I've derived several more interesting identities involving $\tilde{A}, \tilde{B}, \tilde{C}$, and the $\theta$ functions, more than I care to prove algebraically in this post. However, I'll document the most interesting ones here. If you're curious how they're derived, try to figure them out yourselves - the techniques are very similar, but some of them involve more sophisticated manipulations of the rational numbers $p/q$ over which the summations are taken, and more involved parity-related casework.
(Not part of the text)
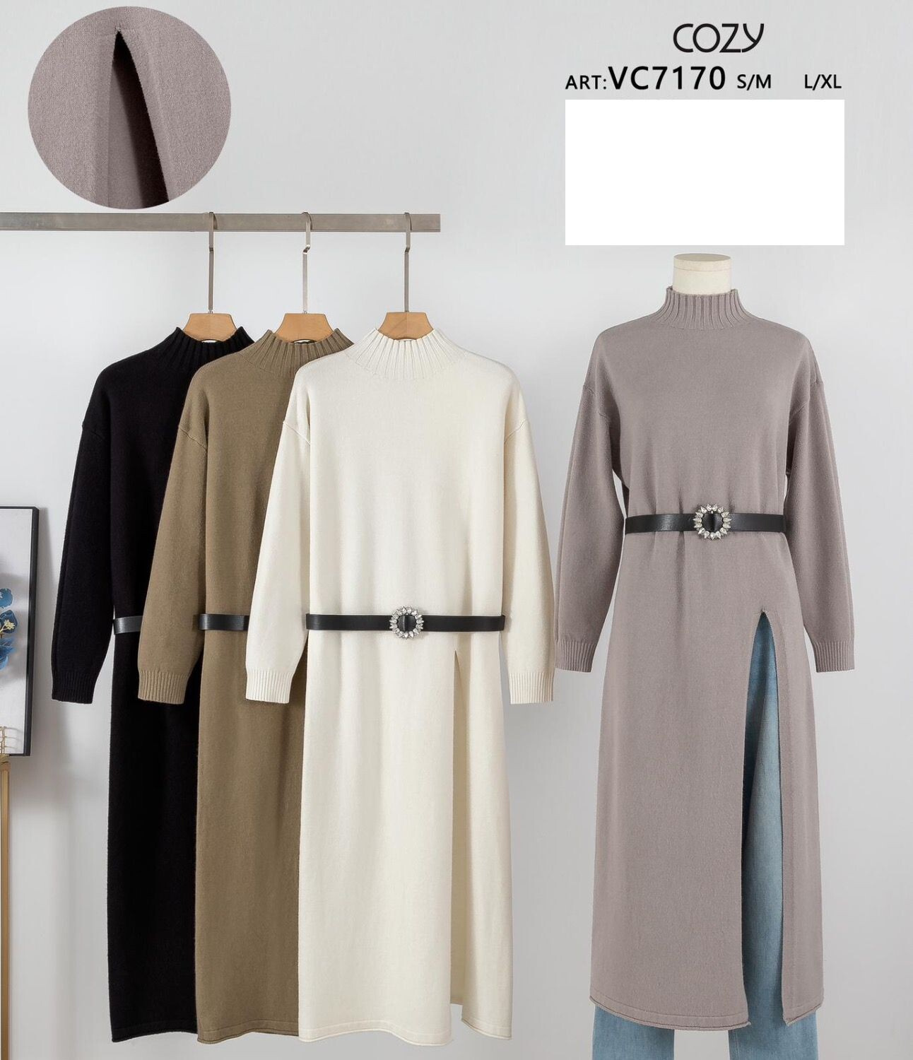 Prodloužený svetr s rozparkem, doplněný páskem. Dovoz Itálie.

Here are my favorites:

$$\theta_{10}(2\alpha,x)-\theta_{10}(\alpha,x^2)=\theta_{00}(\alpha,x)-\theta_{00}(2\alpha,x)$$ $$\theta_{11}(2\alpha,x)-\theta_{11}(\alpha,x^2)=\theta_{01}(\alpha,x)-\theta_{01}(2\alpha,x)$$ $$\tilde{B}(2\alpha,x)-\tilde{B}(\alpha,x^2)=\tilde{C}(\alpha,x^2)-\tilde{C}(2\alpha,x^2)$$ $$\sum_{n=1}^\infty \lfloor \alpha(2n-1)\rfloor x^n = \tilde{B}(\alpha^{-1},x)+\tilde{C}(\alpha^{-1},x^2)-\tilde{B}(\alpha^{-1}/2,x^2)$$ $$\sum_{n=1}^\infty \lfloor \alpha n +1/2\rfloor x^n = \tilde{B}(\alpha^{-1}/2,x)$$ $$\sum_{n=1}^\infty x^{\lfloor \alpha n\rfloor}y^{\lfloor 2\alpha n\rfloor} = \Big(\frac{1}{xy}-1\Big)\tilde{A}(\alpha,xy^2)+\Big(\frac{1}{y}-1\Big)\frac{1}{\sqrt{x}}\tilde{C}(\alpha,xy^2)$$ $$\sum_{n=1}^\infty (\lfloor 2\alpha n\rfloor - 2\lfloor \alpha n\rfloor)x^{\lfloor \alpha n\rfloor} = \frac{1}{x}\tilde{A}(\alpha,x)-\frac{1}{\sqrt{x}}\tilde{C}(\alpha,x)$$

That's all I've got for now! If I come up with more cool identities later, I'll post them here.